- Opening Delimiter -

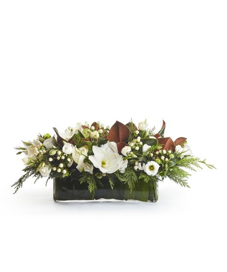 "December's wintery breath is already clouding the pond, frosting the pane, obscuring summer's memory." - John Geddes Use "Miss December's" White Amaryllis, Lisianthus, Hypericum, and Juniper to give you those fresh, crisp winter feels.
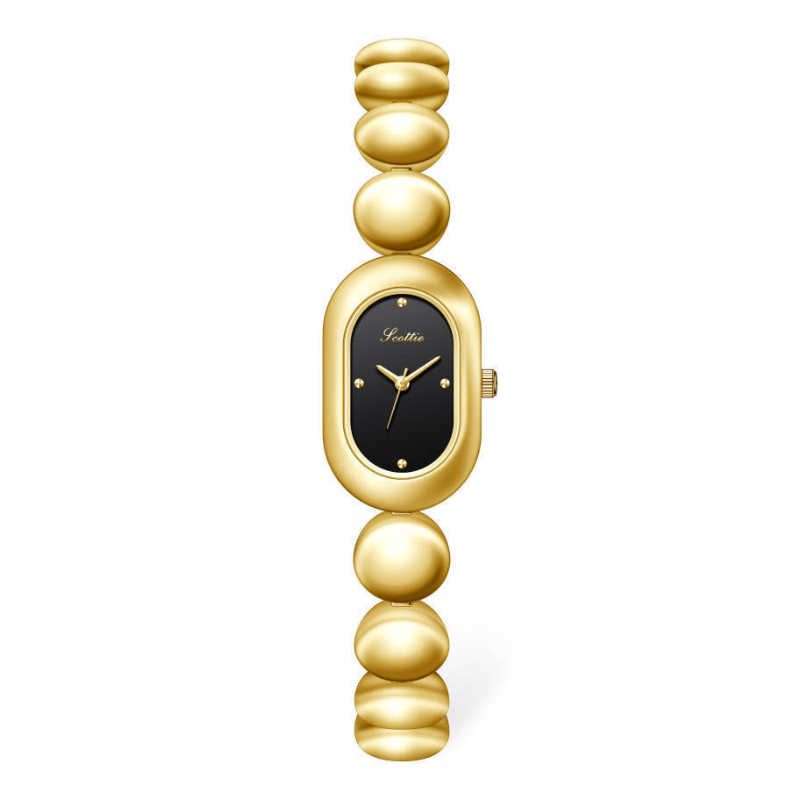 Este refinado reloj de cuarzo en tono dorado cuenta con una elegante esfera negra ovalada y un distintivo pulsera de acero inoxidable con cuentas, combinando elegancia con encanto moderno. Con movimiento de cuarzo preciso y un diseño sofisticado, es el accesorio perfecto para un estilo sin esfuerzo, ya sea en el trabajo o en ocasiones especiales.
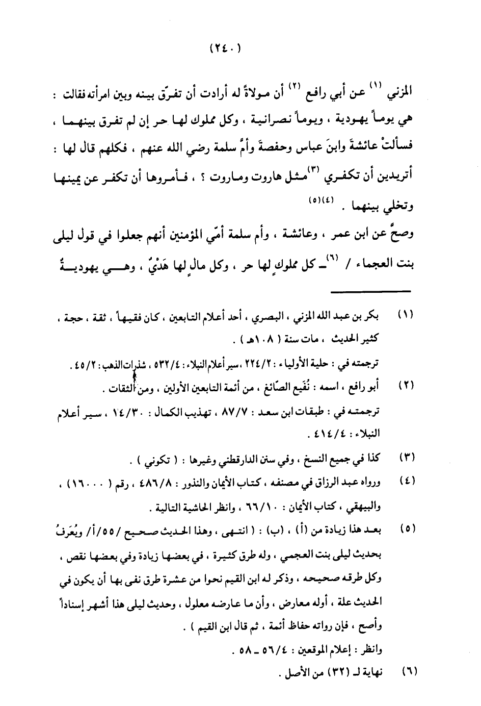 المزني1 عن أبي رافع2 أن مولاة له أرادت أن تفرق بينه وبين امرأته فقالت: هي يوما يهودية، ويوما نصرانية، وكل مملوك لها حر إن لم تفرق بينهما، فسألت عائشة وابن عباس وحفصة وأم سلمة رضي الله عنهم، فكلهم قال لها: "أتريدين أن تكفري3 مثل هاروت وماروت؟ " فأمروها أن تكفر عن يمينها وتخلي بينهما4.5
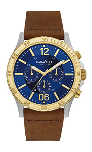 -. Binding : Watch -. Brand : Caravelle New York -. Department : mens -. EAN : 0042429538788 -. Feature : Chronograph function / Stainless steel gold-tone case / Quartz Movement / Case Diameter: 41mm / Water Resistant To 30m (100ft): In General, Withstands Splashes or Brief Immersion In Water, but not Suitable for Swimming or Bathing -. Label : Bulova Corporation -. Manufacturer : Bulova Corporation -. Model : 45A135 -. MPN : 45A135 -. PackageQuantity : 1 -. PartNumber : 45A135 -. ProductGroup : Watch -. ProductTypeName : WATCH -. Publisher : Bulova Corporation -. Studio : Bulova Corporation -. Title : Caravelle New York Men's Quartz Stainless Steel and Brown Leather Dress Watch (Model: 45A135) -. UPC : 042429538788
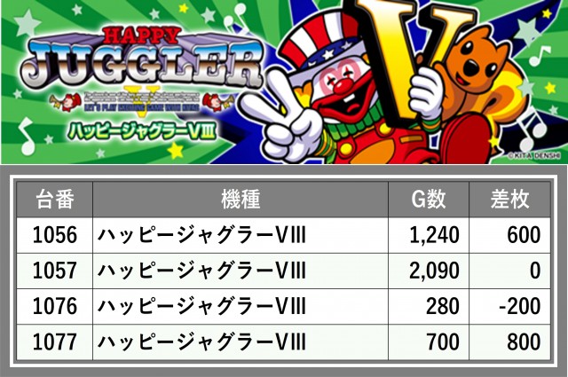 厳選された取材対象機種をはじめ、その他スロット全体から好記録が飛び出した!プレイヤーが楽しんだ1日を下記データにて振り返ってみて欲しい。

- Closing Delimiter -

- **EXERCISE DIRECTIONS**:
Pictures must be left out of the answer, which should be exactly the lines from the one holding "Este refinado reloj" through the last line of the entries above, both included; please add nothing.

- **SOLUTION FOR THIS EXERCISE**:
 Este refinado reloj de cuarzo en tono dorado cuenta con una elegante esfera negra ovalada y un distintivo pulsera de acero inoxidable con cuentas, combinando elegancia con encanto moderno. Con movimiento de cuarzo preciso y un diseño sofisticado, es el accesorio perfecto para un estilo sin esfuerzo, ya sea en el trabajo o en ocasiones especiales.
 المزني1 عن أبي رافع2 أن مولاة له أرادت أن تفرق بينه وبين امرأته فقالت: هي يوما يهودية، ويوما نصرانية، وكل مملوك لها حر إن لم تفرق بينهما، فسألت عائشة وابن عباس وحفصة وأم سلمة رضي الله عنهم، فكلهم قال لها: "أتريدين أن تكفري3 مثل هاروت وماروت؟ " فأمروها أن تكفر عن يمينها وتخلي بينهما4.5
 -. Binding : Watch -. Brand : Caravelle New York -. Department : mens -. EAN : 0042429538788 -. Feature : Chronograph function / Stainless steel gold-tone case / Quartz Movement / Case Diameter: 41mm / Water Resistant To 30m (100ft): In General, Withstands Splashes or Brief Immersion In Water, but not Suitable for Swimming or Bathing -. Label : Bulova Corporation -. Manufacturer : Bulova Corporation -. Model : 45A135 -. MPN : 45A135 -. PackageQuantity : 1 -. PartNumber : 45A135 -. ProductGroup : Watch -. ProductTypeName : WATCH -. Publisher : Bulova Corporation -. Studio : Bulova Corporation -. Title : Caravelle New York Men's Quartz Stainless Steel and Brown Leather Dress Watch (Model: 45A135) -. UPC : 042429538788
 厳選された取材対象機種をはじめ、その他スロット全体から好記録が飛び出した!プレイヤーが楽しんだ1日を下記データにて振り返ってみて欲しい。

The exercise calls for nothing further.